Текст книги "Не покидай"
Автор книги: Георгий Полонский
Жанр:
Сказки
сообщить о нарушении
Текущая страница: 4 (всего у книги 7 страниц)
15.
Крадус держал в руке куклу, изображающую Канцлера.
Марта и Желтоплюш стояли, прислонясь к стене.
– Сам я человек смешливый… – говорил король. – Не отказался бы поржать вволю на ваших представлениях! Но, слушайте, все-таки меру же надо знать… Ведь если он сейчас войдет… нет, и воображать не хочу! – его передернуло. – Вы что – о семи головах? Такие бесстрашные? Или наивные такие?
Речь шла, понятное дело, о Канцлере – о нем самом и об его марионетке.
– Ваше Величество! – Марта подалась вперед. – Мы думали, что если вернуться через столько лет…
– Ага! Вернуться? Вот я и вижу: слишком знакомы мне ваши куколки. Откуда мне знать их… а, Коломбина?
– Не имею понятия, Ваше Величество. Но я – Марта…
– Да? Очень приятно. – Крадус еще порылся в кукольном ящике и достал оттуда еще одного персонажа. – А вот это я!
Желтоплюш изменился в лице. Он пытался отрицать очевидное:
– Как – вы? Почему? Нет, Ваше Величество… марионетка без короны… и намека нет на корону… И называлась она… сейчас вспомню… полковник Хряк!
– Точно!
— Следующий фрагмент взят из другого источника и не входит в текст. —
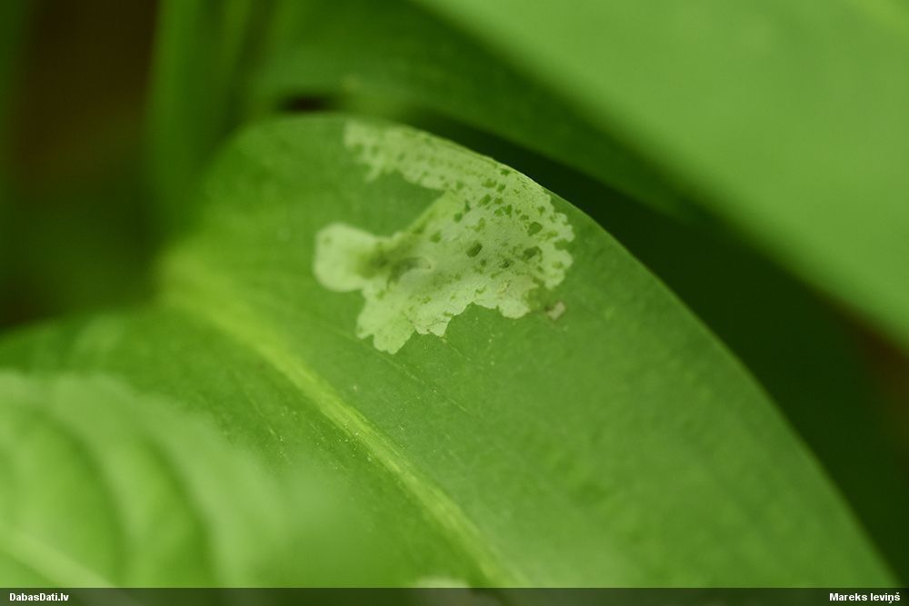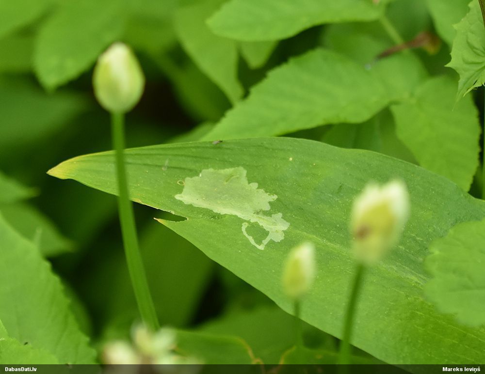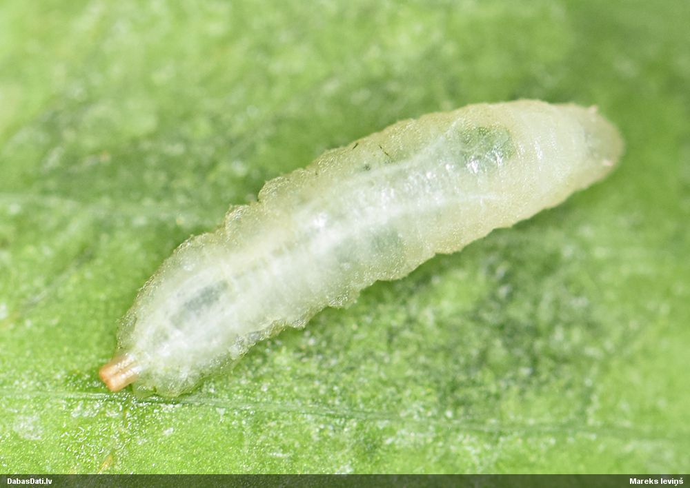 PiezīmesUz lakšiem. Kāpuru darbības pēdas. Kāpurs attēlā no augšējā foto redzamās lakša lapas. Apakšējā foto arī lapas iekšienē redzams cits kāpurs. Iespējams Cheilosia fasciata, cita man zināmā ziedmuša uz lakšiem - Portevinia maculata kāpuri adzīvo lakša sīpolu un stiebra apakšdaļu.

Это меня так изобразил и обозвал так Жан-Жак– Веснушка… проказник, а?! Я ведь был кавалерийским полковником до коронации. Да что я рассказываю! Вы сами все знаете! Потому и шпоры у вашего Хряка… Сценки с ним очень веселили покойного короля. Во-всю шла потеха над министрами некоторыми, сановниками… но больше всего – надо мной! Шут Жан-Жак немалую карьеру сделал на этой потехе… Кто он вам?… Ну?… Как, спрашиваю, достался вам театр Жан-Жака-Веснушки? Запираться бесполезно, ребятки… у нас раскалываются все!
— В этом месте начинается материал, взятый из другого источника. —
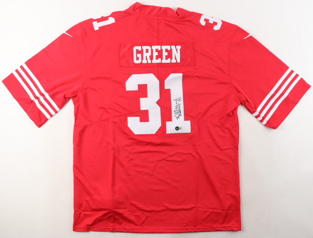 Nike jersey. Everything is sewn on, size XL. Hand-signed by Renardo Green.

Желтоплюш глянул на Марту и, глубоко вздохнув, признал:
– Он мой отец, Ваше Величество.
Крадус повеселел: он любил, когда все упрощается.
– Вот и прелестно: прямо, без выкрутасов… Не нашему рысаку двоюродный мерин, а – отец. Папа! Значит, вы занимались почтенным ремеслом вашего батюшки на чужбине.
Марта вклинилась:
– Но мы не ту пьесу играли, Ваше Величество, мы и не знали той… У нас безобидная совсем…
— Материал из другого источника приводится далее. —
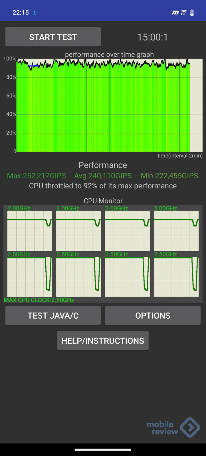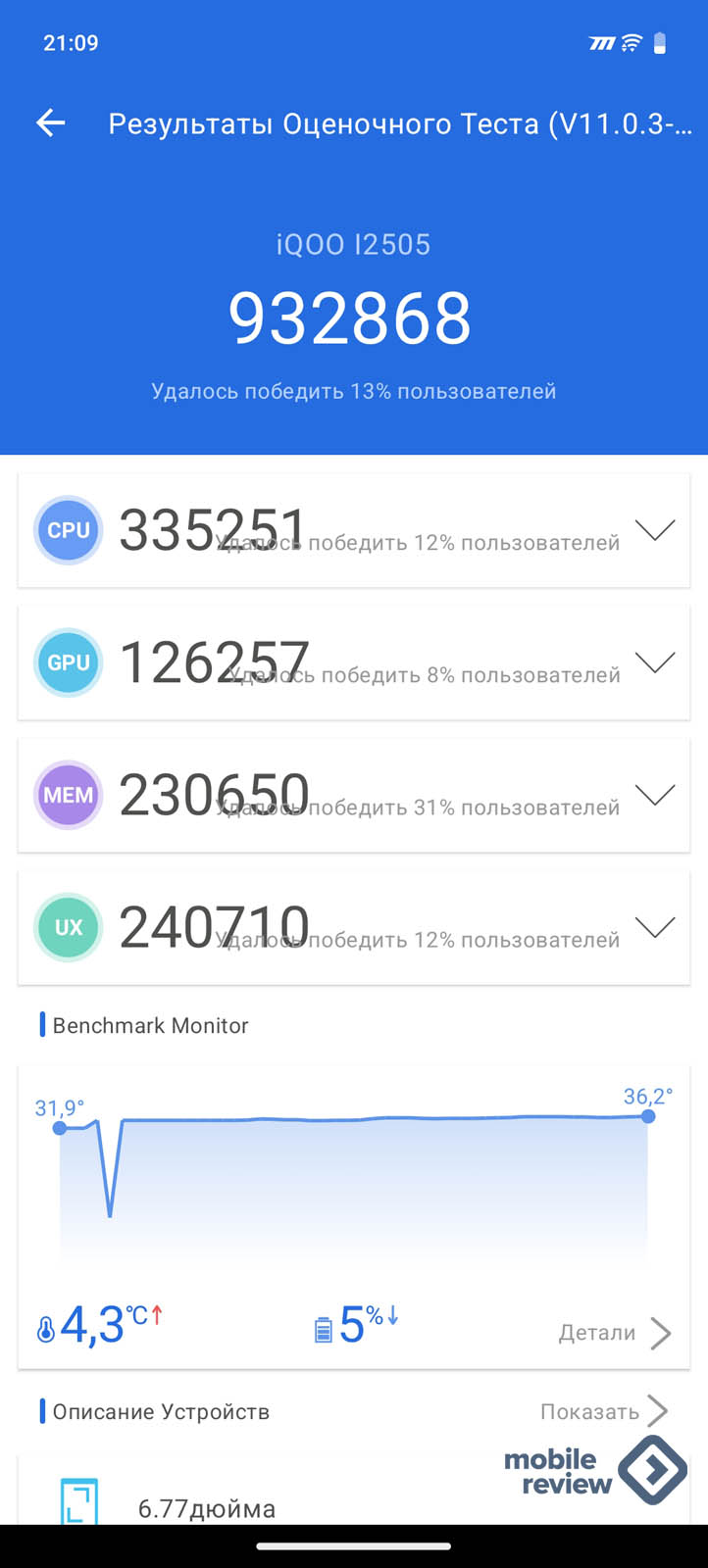 Я думаю, это реально делает смартфон универсальным: он спокойно тянет современные игры, приложения и мультимедиа, при этом не сажает батарею мгновенно. В тесте AnTuTu устройство набирает почти миллион баллов, а троттлинг-тест показал падение производительности всего на 8% при максимальной нагрузке — почти идеальный результат для смартфона такого типа.

Крадус еще раз приподнял куклу Канцлера:
– Коломбина, это все вы скажете вот ему! – и "Канцлер" был упрятан в короб, а потом и "себя" любовно уложил туда король, то есть Хряка.
– Но мой муж – он спас и привез вам такую персону!
– Это смягчает, да, – закивал Крадус. – Вообще смягчить меня – раз плюнуть. Я отходчивый, смешливый, ничуть не злопамятный… поэтому не сужу никого. Судит – он. Только потерпеть вам придется, пока у него дойдут руки. Это не голова, а палата лордов, но рук не хватает: надо бы сто, а у него две…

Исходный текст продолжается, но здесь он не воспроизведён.